Genomic collision at the LIMS-1 locus increases risk of cellular mediated allograft rejection in heart transplanted recipients.

作者信息

Hansen Sandra Maria, Koefoed-Nielsen Pernille, Clemmensen Tor Skibsted, Eiskjær Hans, Staunstrup Nicklas Heine

机构信息

Department of Clinical Immunology, Aarhus University Hospital, Denmark; Department of Clinical Medicine, Aarhus University, Aarhus, Denmark.
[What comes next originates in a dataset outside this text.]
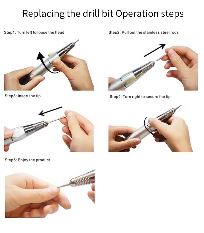 Bu peşəkar portativ dırnaq qazma maşını 35,000 rpm dəyişdirmə qazma əməliyyat üsulu, yəni qoşmaq və çıxarmaq, asan və rahat, dəyişdirmə tamamlandıqdan sonra istifadə edilə bilər.
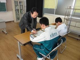 矢中では、4名が後期教育実習をしていますが、その中の2人が2週間の実習、最終日となりました。今日の午後には大学からも担当の先生も見え、情報交換を行いました。

Department of Clinical Immunology, Aarhus University Hospital, Denmark.

出版信息

Hum Immunol. 2025 Jan;86(1):111189. doi: 10.1016/j.humimm.2024.111189. Epub 2024 Dec 5.

Abstract

Genomic collision at the LIM and senescent cell antigen-like-containing domain protein 1 (LIMS1) locus between donor and heart recipient was examined for the association with diagnosis of acute cellular or antibody-mediated allograft rejection, ACR or ABMR, respectively. In this single center retrospective study, 129 heart transplanted patients and donors were genotyped for the LIMS1 rs893403 variant, where the G-allele is in almost complete linkage disequilibrium with a loss of function deletion. A total of 14 cases with genomic collision (recipient genotype GG and donor genotype AA/AG) were identified. After a median follow-up time of 723 days, the multivariate adjusted hazard ratio for ACR of 1.64 (95 % CI 0.66-4.1) indicated that genomic collision indeed was a risk factor, while the risk of ABMR was less affected by genotype. Although statistically not significant, due to low power, this study indicates that LIMS1 is a minor histocompatibility antigen in heart transplantation, associated with allograft rejection.

摘要

研究了供体与心脏受体之间在含LIM和衰老细胞抗原样结构域蛋白1(LIMS1)基因座处的基因组碰撞,分别与急性细胞性或抗体介导的同种异体移植排斥反应(ACR或ABMR)的诊断之间的关联。在这项单中心回顾性研究中,对129例心脏移植患者和供体进行了LIMS1 rs893403变体的基因分型,其中G等位基因几乎与功能缺失性缺失完全连锁不平衡。共鉴定出14例基因组碰撞病例(受体基因型为GG,供体基因型为AA/AG)。在中位随访时间723天后,ACR的多变量调整风险比为1.64(95%CI 0.66-4.1),表明基因组碰撞确实是一个危险因素,而ABMR的风险受基因型的影响较小。尽管由于检验效能低,在统计学上不显著,但本研究表明LIMS1是心脏移植中的一种次要组织相容性抗原,与同种异体移植排斥反应相关。